The first two bands performed were actually good, despite them both being only amateur college musicians. They got their fair share of well-deserved attention and cheers. The music styles of artists range from rock to rap and from indie to even something electronic. It is all very enjoyable and of a surprisingly good quality.

In two hours of enjoying the music, casual conversation, and some drinks later Jorel and Danny definitely got closer, in all senses. Consumed alcohol contributed to the topics they discussed getting more juicy and to the space between them getting smaller. So in no time they were almost cuddling on the extremely uncomfortable leather couch.

“Do you wanna go down, dance a bit?” Jorel`s suggestion is eagerly accepted by Danny who pecks Jay`s cheek as a sign of agreement. Hand in hand they do down the suddenly so slippery stairs. Or blame this clumsiness on the drinks they had.

It is much hotter on the dancefloor.
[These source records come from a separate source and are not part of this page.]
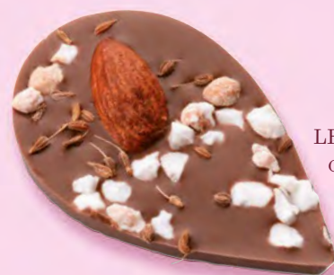
LE SONGE DE JULIETTE Chocolat au lait 35% de cacao, amande, éclats de nougat, brins d'anis

BOITE DE 285 G NET 26 JULIETTES ASSORTIES 4 RECETTES
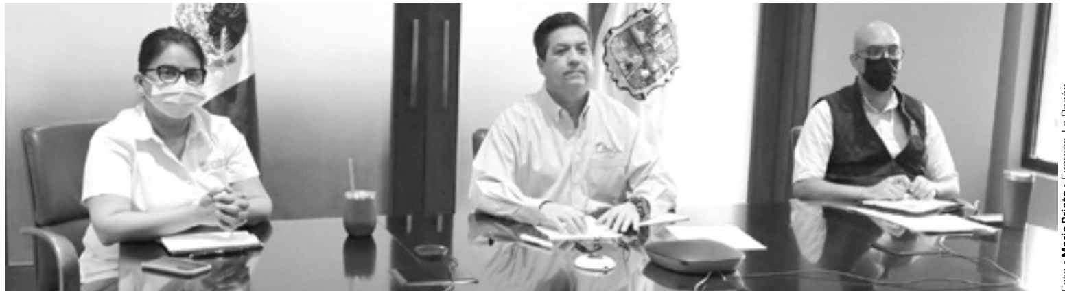
EL GOBERNADOR participó a distancia en reunión de Mesa de Seguridad de Tampico.
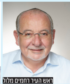
ראש העיר החמים מלול
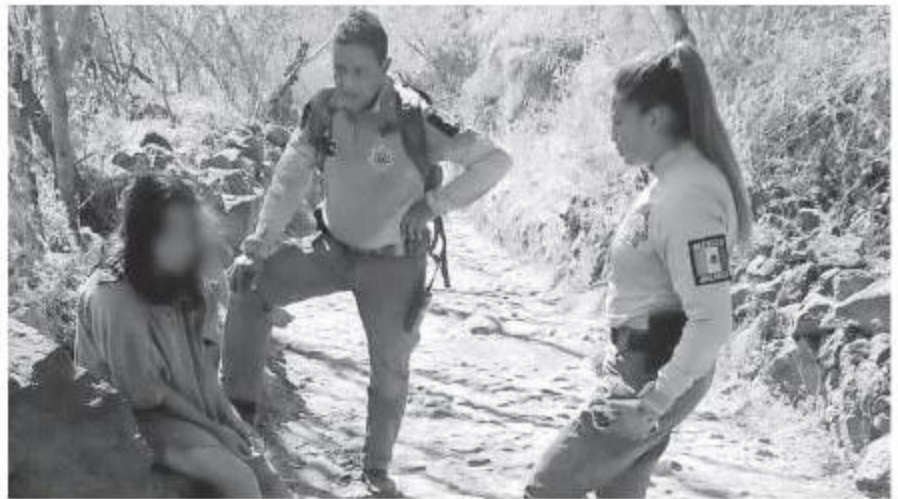
El C5 Guadalajara recibió un reporte sobre una mujer extraviada.

Personal de la Unidad de Resguardo de Espacios Recreativos y Deportivos (UREDDES) se coordinaron desde el ingreso que se encuentra en Ramón Aldana del Puerto y Belisario Domínguez, en la colonia Dr. Atl y comenzaron la búsqueda desde diferentes puntos. La mujer no tenía lesiones visibles y se solicitó el apoyo de la Unidad de Búsqueda de Personas Desaparecidas (UBPD) de la Comisaría de Guadalajara,
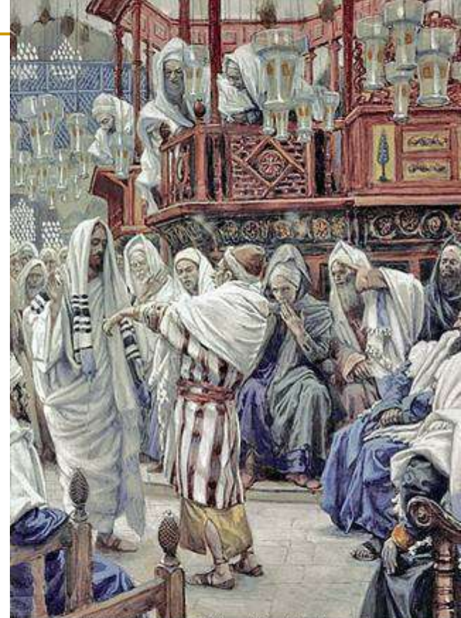
Christ Healing the Withered Hand by James Tissot
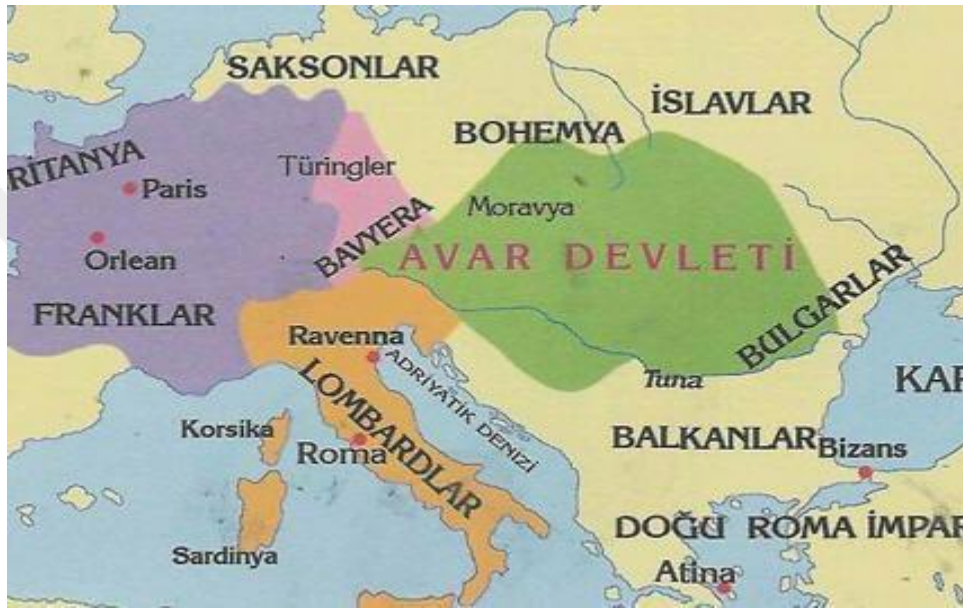
Harita 1: Avrupa’da Avar Devletinin haritası.

olmuştur. Avarlar, bu altınların mühim bir kısmını kuyumculukta kullanıyorlardı. Erdel’de yapılan bir kazıda Avarlar’a ait kuyumcu aletleri ile 3.000 Bizans altını bulunmuştur. Tisa boylarındaki surlardan çıkan gayet kıymetli ve zengin Avar hazineleri de Frankların eline geçerek batıya nakledilmiştir. Avar hakimiyeti Avrupa’da VIII. yüzyılda yavaş yavaş ortadan kalkmaya başlamıştır. Bu yıkılışın başlıca sebepleri, Avrupa milletlerin Avarlara karşı birleşmeleridir (Erel, 1961: 32).

People actively have fun and seems like they don`t even pay much attention to the musicians. Avoiding the main crowd, they stop by the wall on the left side from the stage from where they still get the good view.  

The main act of the show is about to start, from what Jorel has heard so far, this band is fire. Almost too good for this place.   
But Jay doesn`t care, all his attention is drawn to Danny.

_Don`t fuck it up, please. Just don`t fuck it up_.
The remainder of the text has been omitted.